I connected with Lauren Carr, murder mystery author through my work. Always an avid reader, in 2015 I decided to sign up with iRead Book Tours as a reviewer for their digital book tours. In the beginning, I chose to review every book that looked interesting and was writing numerous reviews each month. I had the pleasure of working with a few authors several times. Of these, my favorite is murder mystery writer Lauren Carr who has over 25 titles published and continues to release 3 new novels each year.
I love reading murder mystery stories – the intrigue, the danger, the suspense. I love well-developed, intelligent, strong characters – both men and women. But I also prefer authors that avoid going too dark and disturbing. I want to be able to sleep afterward. Lauren Carr offers all this plus a truly unique cast of pets with as much personality as their owners.
One day I finally had the chance to interview Carr and was totally intrigued. While I intend to include her story in a future book, I want to share a bit of her story now with At Forty Five readers. Embracing fully who she was – a writer – was accomplished when she took a leap of faith and walked away from her “safe” career. Everyone around her thought it was a mistake. Thank goodness she didn’t listen to them.
Can you share a bit about your journey to writing? Looking back, how early did this interest start and how did it develop over the years.
I believe writers are born writers. Either you’re a storyteller or you’re not. Even before I could read or write, I was making up stories. If someone asks me how my day was, I can’t just say, “Fine.” I have to set the scene, establish all of the characters, and build to a thrilling climax.
My mother was a big reader and she loved murder mysteries. She’d read Perry Mason to me at bedtime. I started out with the Bobbsey Twins. From there I moved onto Nancy Drew and the Hardy Boys and then on to Agatha Christie. I was got hooked.
But while I was always a writer and I always loved murder mysteries, I didn’t attempt to write murder mystery novels until I was in my mid-thirties. I believed that only someone extremely clever could put together a murder mystery and pull it off and I didn’t think I was that clever.
What was the career you had before you became a full-time author? Can you share about that day – that moment – when you decided to walk away from your job and focus on writing full time? How did your family react?
I’d spent ten years working in Washington, DC, for the federal government. I was an editor and learned layout and design. I hated it. The materials I worked on were so boring.

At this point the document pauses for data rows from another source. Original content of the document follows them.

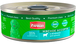 Консервы для собак Четвероногий Гурман для Собак Мясное Ассорти с Говядиной можно назвать кормом класса суперпремиум. Консервированный корм, который производится по новейшей технологии на современном оборудовании, что позволяет строго следить за его качеством. Специальная щадящая технология обработки компонентов позволяет сохранить максимальное количество витаминов, микроэлементов и питательных веществ, необходимых любой собаке. Корм производится из высококачественного натурального мяса, без добавления сои, ароматизаторов и красителей, имеет отличный вкус и привлекательный аромат. Такие консервы Вы можете давать собаке как отдельно, так и смешивая их с кашей или овощами. Они станут прекрасным и вкусным дополнением к рациону Вашего любимца.
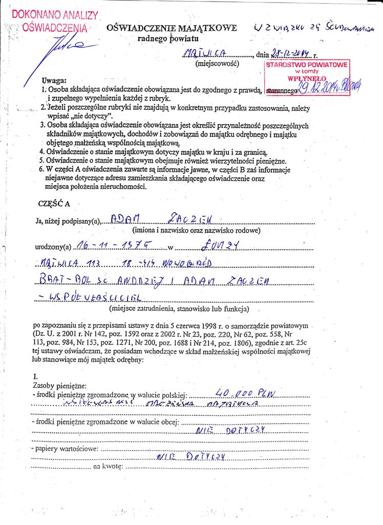 niej awne dotycąc e adresu .a m ieszkania qkładaj ące go oświad czeńe oraz
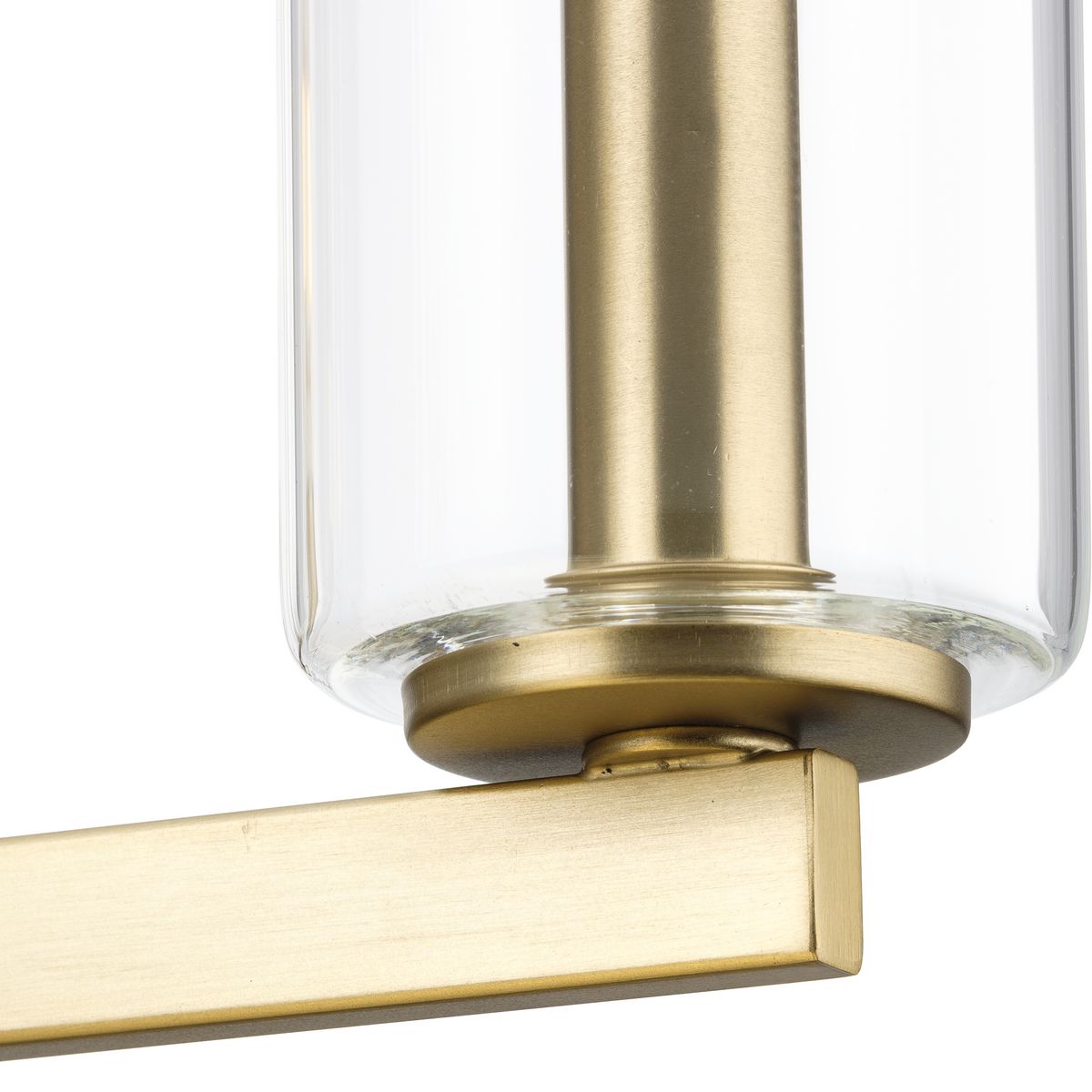 Elevate your space with the Glennaire 4-Light Brushed Gold Chandelier by Progress Lighting. This modern masterpiece seamlessly blends contemporary elegance with functionality, featuring a sleek silhouette and clear glass shades that deliver stunning ambient illumination to any room. Ideal for modern and traditional settings, this chandelier is both a statement piece and a practical light source.
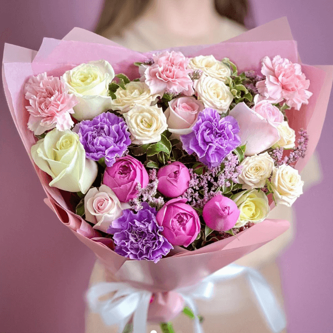 - Includes 10 fresh pink and white roses, complemented by purple carnations and filler flowers.

When I decided to quit and start Acorn Book Services, my family thought I was crazy. I had come from a family that believed in safety nets. Normal people get full-time jobs with benefits and you stayed at that job until you retire. My husband declared that the world was going to end. It was a huge change.
The journey was much too long for me to go into here. Let’s just say there were good times and bad. There were so many times when I was on the brink of achieving all of my goals, and then the rug would be yanked out from under me.
For example, I had sent the manuscript for A Small Case of Murder to a literary agent whose clients often ended up on Oprah Winfrey. He’d sent it back with a two-page letter going on and on about how tremendously talented I was. He touched on every detail in the book. It was clear that he had read every word. He declared the plot and writing brilliant. Then, in the last paragraph of the letter, he said, “But I don’t know how to market it.”
My response, “Why don’t you market it as a brilliantly written mystery written by a tremendously talented author?”
Do remember what it was like to publish your very first book? Highest moment? What did you learn from this experience that surprised you?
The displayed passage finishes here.